Cross-sectional model representation of the organ-on-a-chip technology.

Cross-sectional model representation of the organ-on-a-chip technology.
Image Credit: TissUse GmbH

There is no shortage of potential joint projects between the two institutions. The application for the Si-M lists almost 50 planned cooperation projects. “Now it is important to start research as soon as possible so that the new research approaches can also lead to new diagnostic and therapeutic procedures.
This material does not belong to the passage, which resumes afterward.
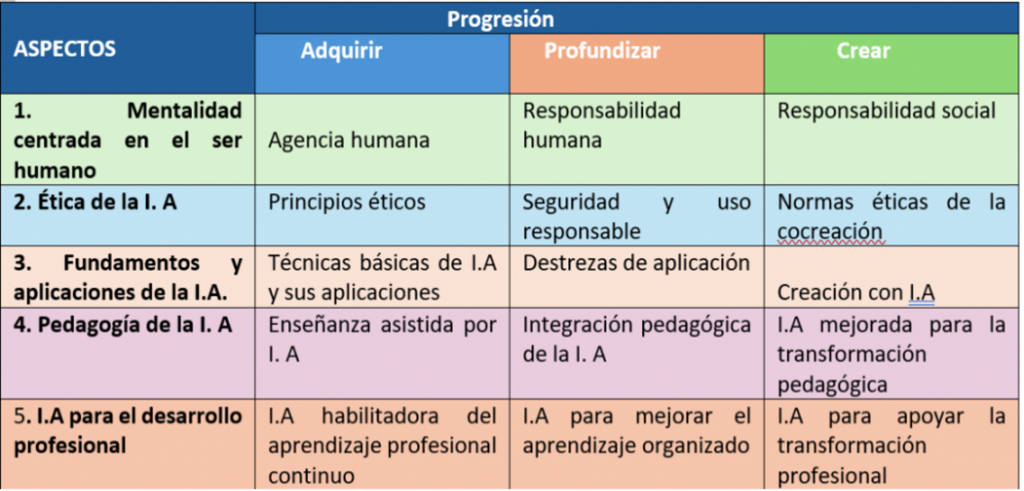 La UNESCO complementa este marco con instrumentos específicos para la educación. El AI Competency Framework for Teachers guía la formación docente, por medio de cinco áreas y tres niveles de progresión, promoviendo un uso ético, eficaz y pedagógicamente relevante de la IA en el aula. La Figura 4 presenta estas áreas y niveles de manera visual.

The results can be translated into real medical applications much faster than before,” says Andreas Thiel.

“The efficiency of new therapies can presumably be drastically increased, the side effects for patients minimized, and also the costs reduced.”

Any therapy which uses checkpoint blockade inhibitors is a good example of possible projects. These are used in immunotherapy for certain types of cancer. The patient is given a special antibody (a protein), the effect of which enables the body’s immune system to literally dissolve metastases and tumors. In some cancers, such therapies have achieved long-term cure rates of 30 to 40 percent. Problematic is that these antibodies interfere with the entire immune system, sometimes with considerable side effects, and they are extremely costly.

“Combining the technology of biotechnology at Technische Universität Berlin with the medical expertise at Charité, individual cancer cells could be taken from a biopsy to cultivate tumors on the chip under physiological conditions. Such tumors could be used to test which of the various new therapies works best to determine the most effective treatment for patients,” explains Andreas Thiel. “This could probably drastically increase the efficiency of the new therapies, minimize the side effects for patients, and also reduce the costs.”